The Nurses’ Health Study (NHS), Nurses’ Health Study II (NHSII), Health Professionals Follow Up Study (HPFS) and the Physicians Health Study (PHS) have collected detailed longitudinal data on multiple exposures and traits for approximately 310,000 study participants over the last 35 years. Over 160,000 study participants across the cohorts have donated a DNA sample and to date, 20,691 subjects have been genotyped as part of genome-wide association studies (GWAS) of twelve primary outcomes.
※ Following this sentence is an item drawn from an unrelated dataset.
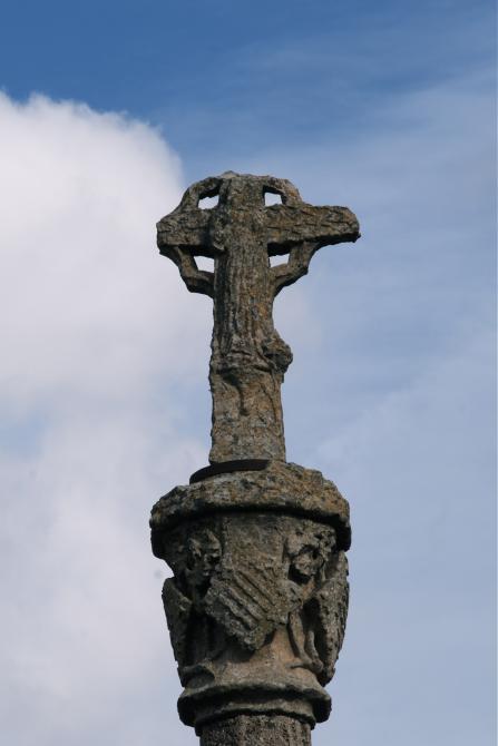 Detalle escudos esculpidos en la Cruz de la Horca,
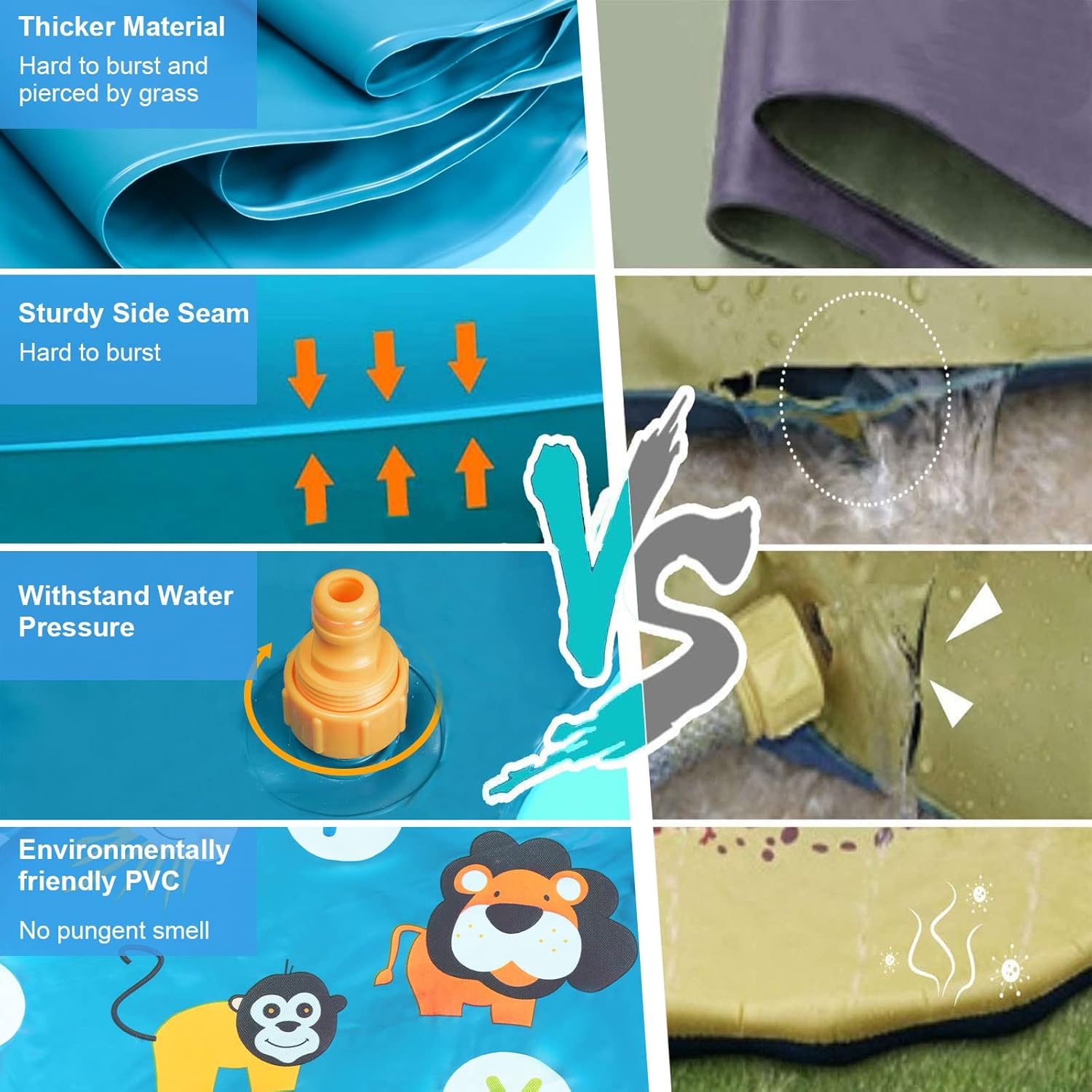 [67" Splash Pad for Kids] - The 67" diameter splash pad for kids ages 4-8 is suitable for outside, which can be used as your mini swimming pool. With Exquisite animal patterns and alphabetic symbols, the kids splash pad also can be used as a learning mat, which gives your baby both learning and play in one incredible pool! Hurry up and enjoy the endless cool and fun that this water splash pad brings in this hot summer!

However, these studies utilized six different GWAS arrays making it difficult to conduct analyses of secondary phenotypes or share controls across studies. To allow for secondary analyses of these data, we have created three new datasets merged by platform family and performed imputation using a common reference panel, the 1,000 Genomes Phase I release. Here, we describe the methodology behind the data merging and imputation and present imputation quality statistics and association results from two GWAS of secondary phenotypes (body mass index (BMI) and venous thromboembolism (VTE)). We observed the strongest BMI association for the FTO SNP rs55872725 (β = 0.45, p = 3.48x10-22), and using a significance level of p = 0.05, we replicated 19 out of 32 known BMI SNPs. For VTE, we observed the strongest association for the rs2040445 SNP (OR = 2.17, 95% CI: 1.79–2.63, p = 2.70x10-15), located downstream of F5 and also observed significant associations for the known ABO and F11 regions. This pooled resource can be used to maximize power in GWAS of phenotypes collected across the cohorts and for studying gene-environment interactions as well as rare phenotypes and genotypes.

Highlights

  • Large, well-phenotyped cohort studies have constituted the backbone of epidemiology for several decades

  • Collected longitudinal information on exposures and outcomes enables a broad spectrum of analyses and has led to novel insights into disease etiology, such as the link between smoking and lung cancer [1,2] as well as the link between both high cholesterol levels and trans fatty acids with coronary heart disease [3,4] Many existing cohorts collect biological specimens from their participants, allowing for studies of inherited genetic variation as well as prospectively measured biomarkers such as metabolomic profiles [5] and circulating hormone levels [6]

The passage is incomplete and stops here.